## [Task directions]
Wherever the word "from" occurs in the listing below, copy that whole line.

## [Records provided]
Segment Open
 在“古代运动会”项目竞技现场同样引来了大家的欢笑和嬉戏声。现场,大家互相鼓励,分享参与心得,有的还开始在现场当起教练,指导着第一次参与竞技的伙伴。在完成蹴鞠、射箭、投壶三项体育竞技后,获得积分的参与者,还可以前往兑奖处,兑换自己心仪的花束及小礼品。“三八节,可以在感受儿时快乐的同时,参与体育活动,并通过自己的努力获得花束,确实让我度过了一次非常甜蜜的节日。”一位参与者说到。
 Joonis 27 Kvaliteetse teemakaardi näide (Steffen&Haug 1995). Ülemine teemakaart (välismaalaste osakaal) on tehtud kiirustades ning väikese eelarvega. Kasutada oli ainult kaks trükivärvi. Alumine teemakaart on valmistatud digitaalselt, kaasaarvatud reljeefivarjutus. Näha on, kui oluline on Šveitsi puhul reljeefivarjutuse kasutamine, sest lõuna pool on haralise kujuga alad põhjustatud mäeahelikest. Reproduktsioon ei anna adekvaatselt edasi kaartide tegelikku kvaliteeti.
Segment Closed
Segment Open
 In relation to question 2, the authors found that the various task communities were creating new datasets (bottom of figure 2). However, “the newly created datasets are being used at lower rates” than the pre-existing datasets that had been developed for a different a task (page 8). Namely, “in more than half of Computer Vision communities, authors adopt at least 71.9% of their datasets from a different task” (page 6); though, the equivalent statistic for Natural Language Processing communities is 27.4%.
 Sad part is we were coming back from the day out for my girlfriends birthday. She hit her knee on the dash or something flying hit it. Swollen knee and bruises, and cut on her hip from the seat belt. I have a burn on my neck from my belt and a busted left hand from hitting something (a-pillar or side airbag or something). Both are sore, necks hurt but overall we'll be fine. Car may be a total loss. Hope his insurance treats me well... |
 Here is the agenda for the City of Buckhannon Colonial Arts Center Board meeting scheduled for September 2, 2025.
Segment Closed
## [Solution for this exercise]
 In relation to question 2, the authors found that the various task communities were creating new datasets (bottom of figure 2). However, “the newly created datasets are being used at lower rates” than the pre-existing datasets that had been developed for a different a task (page 8). Namely, “in more than half of Computer Vision communities, authors adopt at least 71.9% of their datasets from a different task” (page 6); though, the equivalent statistic for Natural Language Processing communities is 27.4%.
 Sad part is we were coming back from the day out for my girlfriends birthday. She hit her knee on the dash or something flying hit it. Swollen knee and bruises, and cut on her hip from the seat belt. I have a burn on my neck from my belt and a busted left hand from hitting something (a-pillar or side airbag or something). Both are sore, necks hurt but overall we'll be fine. Car may be a total loss. Hope his insurance treats me well... |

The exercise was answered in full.